Fior builds an artistically compelling world around them, the maritime island city of Celestia cut off from the mainland by deliberately blowing the connecting bridges a generation before. It seems at least partially designed to resemble Venice, although perhaps that’s just the obvious comparison for any baroque city bisected by waterways. Fior makes Celestia seem both beautiful and dangerous, populated by exotic people, and contrasts it with other locations represented by different architecture, this the modernism of Van der Rohe and Le Corbusier.
Hints are dropped as to the events of the past, but Fior is more interested in the separation of the present, and that’s languidly rolled out with page after page not moving anything forward, nor explaining anything, elusively resting in the moment.
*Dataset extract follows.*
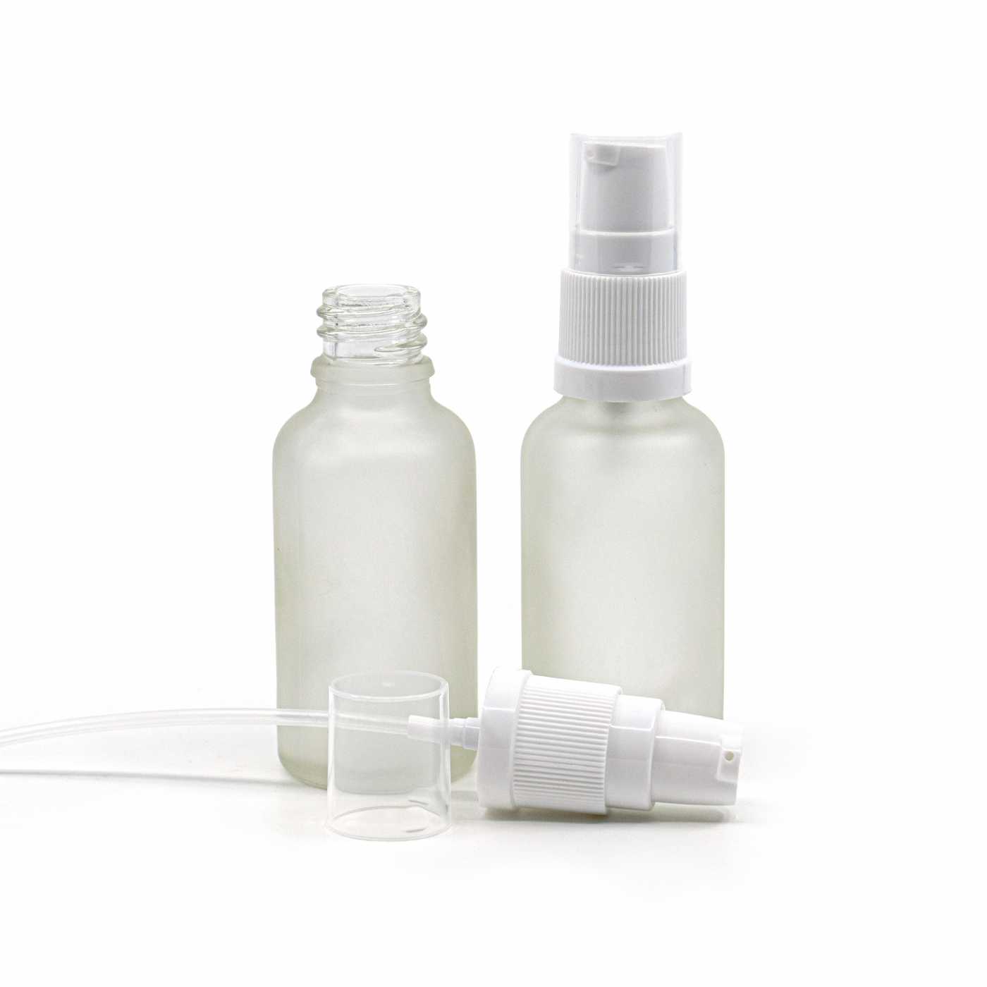 Milchig transparente Glasflasche mit weißem Dispenser, 30 ml
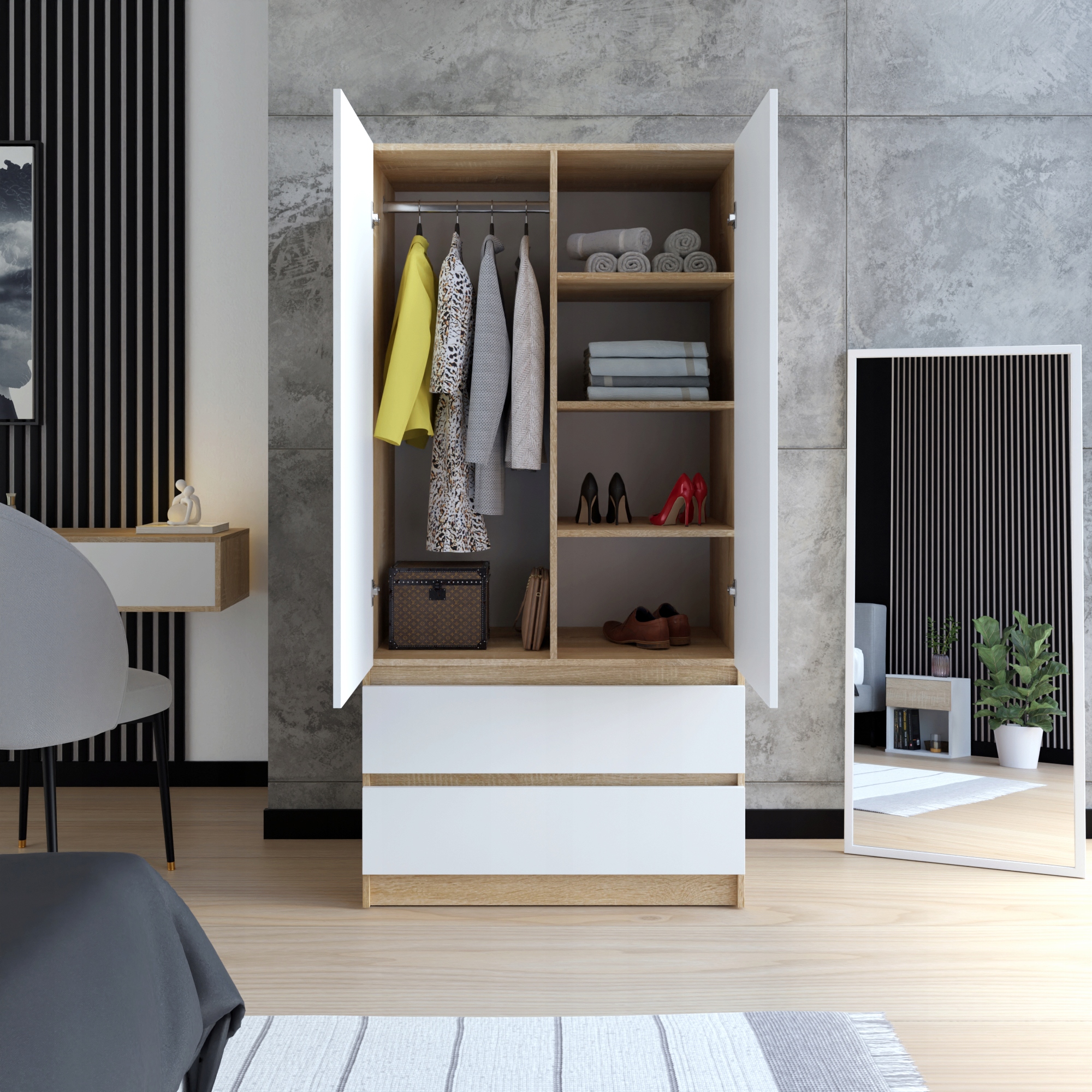 ✨Nowy model szafy w sonomie z białym matem, która doskonale łączy w sobie nowoczesny design z klasyczną elegancją. Jest kompaktowa i praktyczna.

These long sequences are interrupted every now and then by several pages of info dump that really tell us little. There’s no comfort in the characters either, who’re distanced. Is this meant to be the same Dora Fior used in The Interview? She looks very similar, but here has a very different personality. If so, is this just another of her fantasies?
Because Fior is a patently intelligent writer who references big topics there’s a feeling of his somehow drawing parallels that just fail to fall into place, but that’s not the case. These are metaphors without purpose, fragmentary allusions that come to nothing. That may seem the fate of a bunch of people introduced at the start, briefly seen again for some explanation, then forgotten for 150 pages, but they have a part to play at the end, during which a prophecy related during their first appearance is cleverly given meaning. However, that’s the only item of note in an ending that’s so ordinary for a creator with Fior’s imagination.
Making anything of Celestia beyond pretty pictures requires considerable patience, but better Fior delivering the occasional bump in the road than repeating the same journey.